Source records
-----

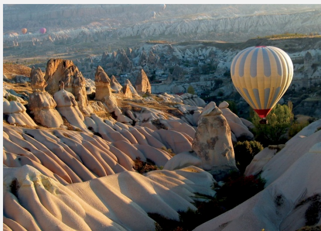
Προκόπι (σημερινό Ουργκούπ)
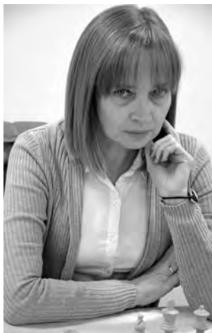
Campionessa svizzera: Elena Sedina

Elena Sedina, classe 1968, laurea in economia politica presso l'Università di Kiev e dottorato di ricerca sui metodi di allenamento per gli scacchi presso l'Istituto di cultura fisica della stessa città, dopo essere stata Campionessa femminile assoluta della Città di Kiev a 11 anni, campionessa dell'Unione Sovietica U18 a 16 anni e campionessa femminile dell'Ucraina a 19 anni, nonché medaglia d'oro di scacchiera alle Olimpiadi di Mosca, è diventata Gran Maestra Femminile nel 1996 e Maestro Internazionale (lo stesso titolo conseguito dagli uomini!) nel 1998. Nell'aprile del 2003, accreditata di 2434 punti ELO,
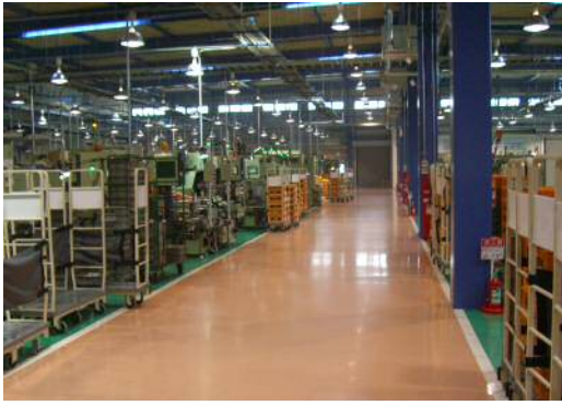
セラレジン ES (樹脂系流し延べ工法)
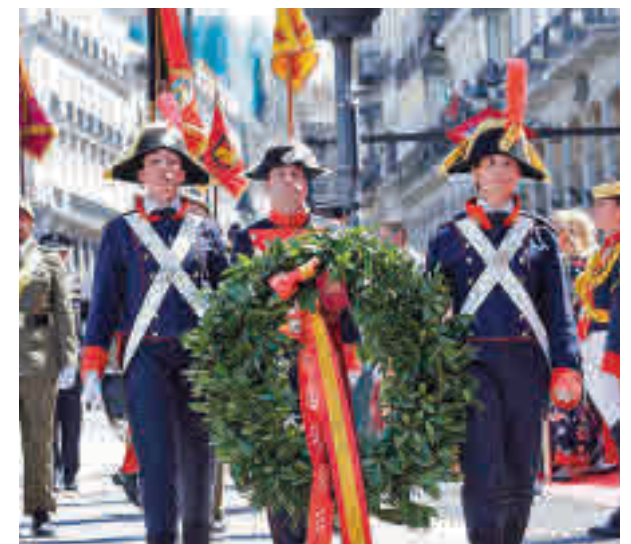
Fiestas del Dos de Mayo

La Comunidad también ha organizado un ciclo de cine en el que bajo el título 'IV Centenario de la canonización de San Isidro. Contrastes', se proyectarán los días 1 y 2 de mayo, en el Cinestudio del Círculo de Bellas Artes, varias películas.
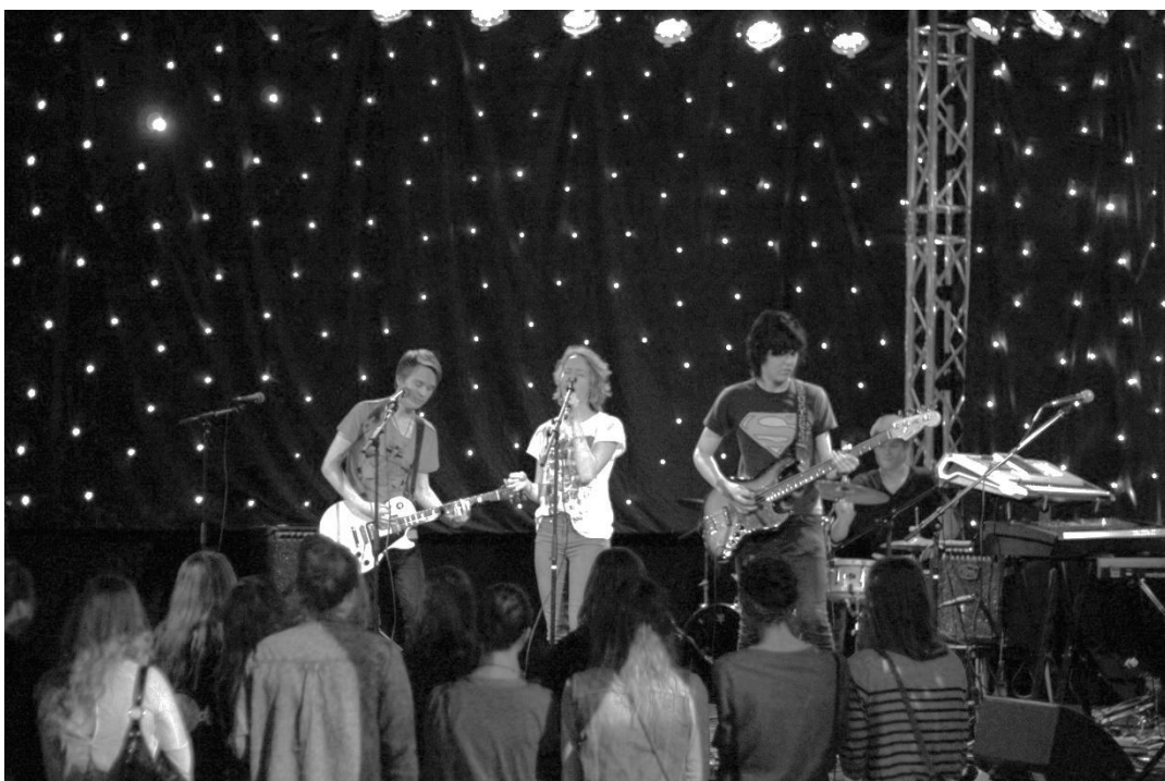
Yhtye Flying Suspect

-----

▸ Instructions to follow
Find the lines that mention "Campionessa" in the entries and show them.

▸ Answer to this problem
Campionessa svizzera: Elena Sedina
Elena Sedina, classe 1968, laurea in economia politica presso l'Università di Kiev e dottorato di ricerca sui metodi di allenamento per gli scacchi presso l'Istituto di cultura fisica della stessa città, dopo essere stata Campionessa femminile assoluta della Città di Kiev a 11 anni, campionessa dell'Unione Sovietica U18 a 16 anni e campionessa femminile dell'Ucraina a 19 anni, nonché medaglia d'oro di scacchiera alle Olimpiadi di Mosca, è diventata Gran Maestra Femminile nel 1996 e Maestro Internazionale (lo stesso titolo conseguito dagli uomini!) nel 1998. Nell'aprile del 2003, accreditata di 2434 punti ELO,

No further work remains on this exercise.